Hat jemand ne Idee, woran das liegen könnte?

Danke schonmal im Voraus


----------



## kaepteniglo (10. November 2011)

Kommt auch auf deinen Addons an, die du verwendest.


----------



## Fallenearth2207 (10. November 2011)

kaepteniglo schrieb:


> Kommt auch auf deinen Addons an, die du verwendest.

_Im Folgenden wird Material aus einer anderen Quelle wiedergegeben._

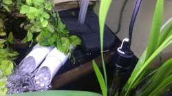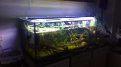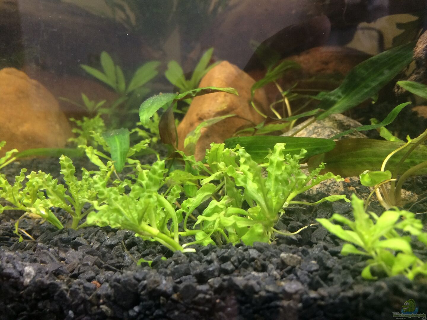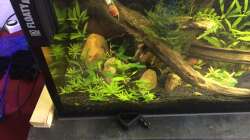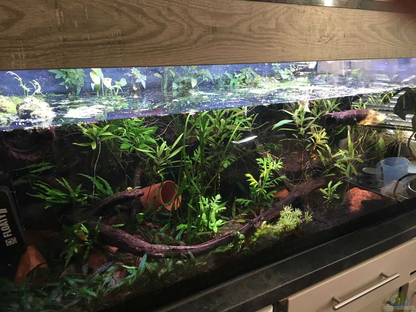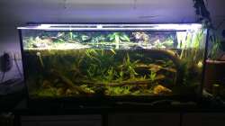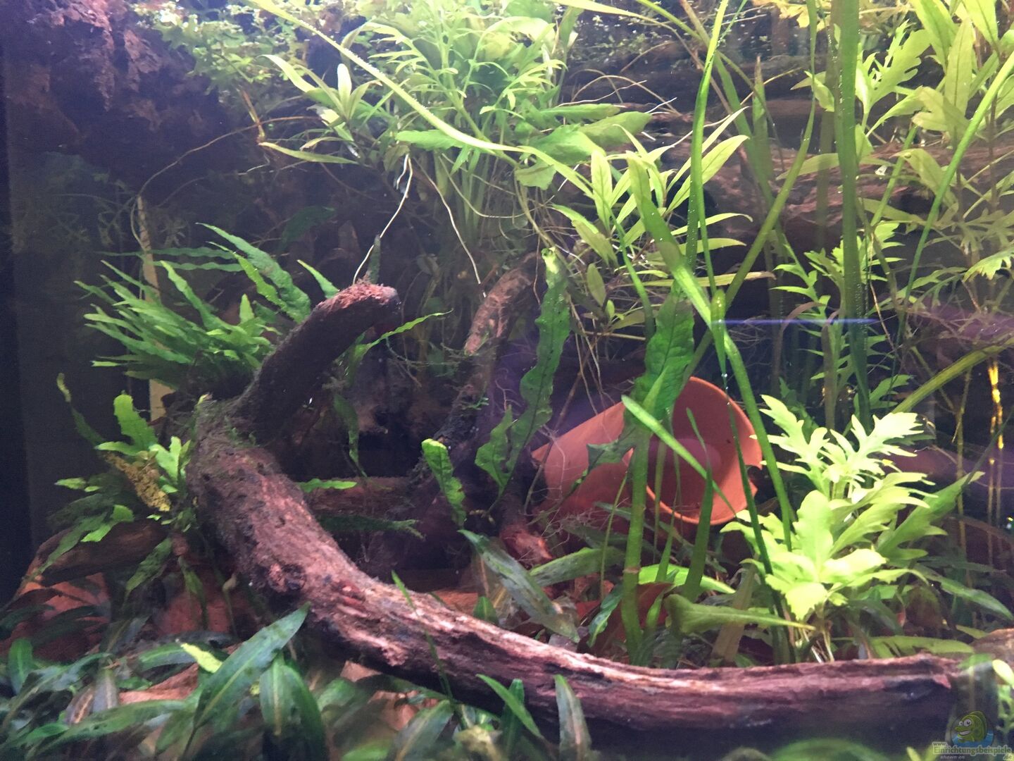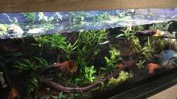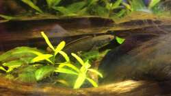 Es entwickelt sich alles gut. Die Pflanzen machen sich schön. Das Wasser ist ziemlich gelb vom Holz. Ich freu mich schon, wenn das in einigen Monaten überstanden ist. Ebenso habe ich viel fusselige Algen, aber ich denke das wird sich alles noch einregulieren, wenn das Becken in Balance ist und das ??kosystem steht. zum Glück gibt es ja Schaschlikstäbchen. Die Bakterienrasen am Holz sind jedenfalls schonmal passé.
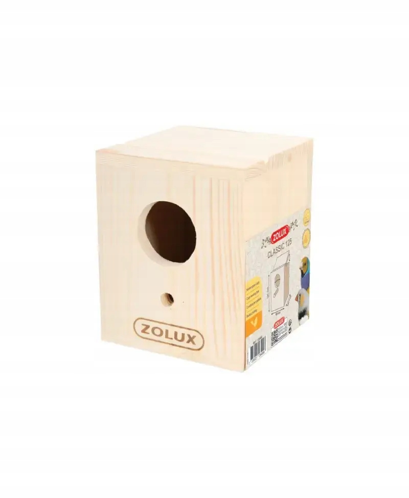 Це класичне дерев’яне гніздо було створено спеціально для екзотичних птахів. Його слід розмістити у найвищі положення в клітці птахів, в тихому місці. Його можна використовувати протягом року в птахах, які вважають за краще спати в гнізді або лише два -три рази на рік у селекційному сезоні.

Verwende noch gar keine Addons, da ich erstmal alles neu installiert hab und noch nicht mal die Erweiterung Cata hab. Hab ne lange Pause gemacht gehabt.
Also daran kann es nicht liegen


----------



## Saji (10. November 2011)

Auch wenn WoW augenscheinlich spielbar fertig ist, kann es im Hintergrund noch Daten nachladen. So kann man schon spielen, während fehlende Elemente im Hintergrund "nachgestreamt" werden. Eventuell trifft das bei dir zu.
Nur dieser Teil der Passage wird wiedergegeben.